In fact, "The Naked Warrior" routine consists of just two exercises: Pistol Squats and One-Arm/One-Leg Push-Ups. The rest of the book focuses on techniques for tensing your body and "power breathing" to enhance your strength. Pavel also spends some time discussing a training method called "Grease the Groove" -- a low rep, high-intensity, high-frequency approach to achieving personal bests.

Fitness Ninja's greasing the groove (with a newborn, no less!), and just yesterday, he linked to Pavel's description of this strength-building method here. As Pavel puts it:
Specificity + frequent practice = success. It is so obvious, most people don’t get it. Once I came across a question posted on a popular powerlifting website by a young Marine: how should he train to be able to do more chin-ups? I was amused when I read the arcane and non-specific advice the trooper had received: straight-arm pull-downs, reverse curls, avoiding the negative part of the chin-up every third workout… I had a radical thought: if you want to get good at chin-ups, why not try to do… a lot of chin-ups?
Just a couple of months earlier I had put my father-in-law Roger Antonson, incidentally an ex-Marine, on a program which required him to do an easy five chins every time he went down to his basement. Each day he would total between twenty-five and a hundred chin-ups hardly breaking a sweat. Every month or so Roger would take a few days off and then test himself. Before you knew it, the old leatherneck could knock off twenty consecutive chins, more than he could do forty years ago during his service with the few good men!

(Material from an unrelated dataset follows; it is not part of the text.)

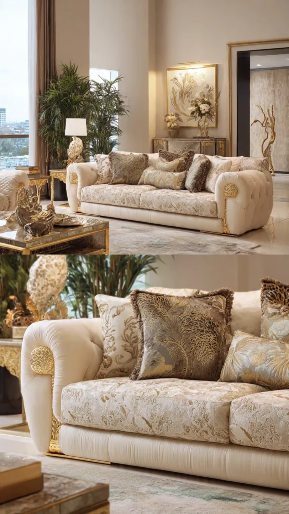 Add layered throw blankets, textured cushions, and statement lighting nearby. Incorporate metallic accents or a stylish rug to enhance the sofa’s presence and create a designer-inspired look.

Sounds good to me. As an experiment, I've started doing five weighted pull-ups (using a weight chained to a weightlifting belt) ever time I step into my garage. After P90X, my personal best was 18  pull-ups in a row -- and I'm not sure I can match that now -- but let's see if "greasing the groove" can push me over 20. (Or if it's going to make me want to avoid stepping foot in my garage.)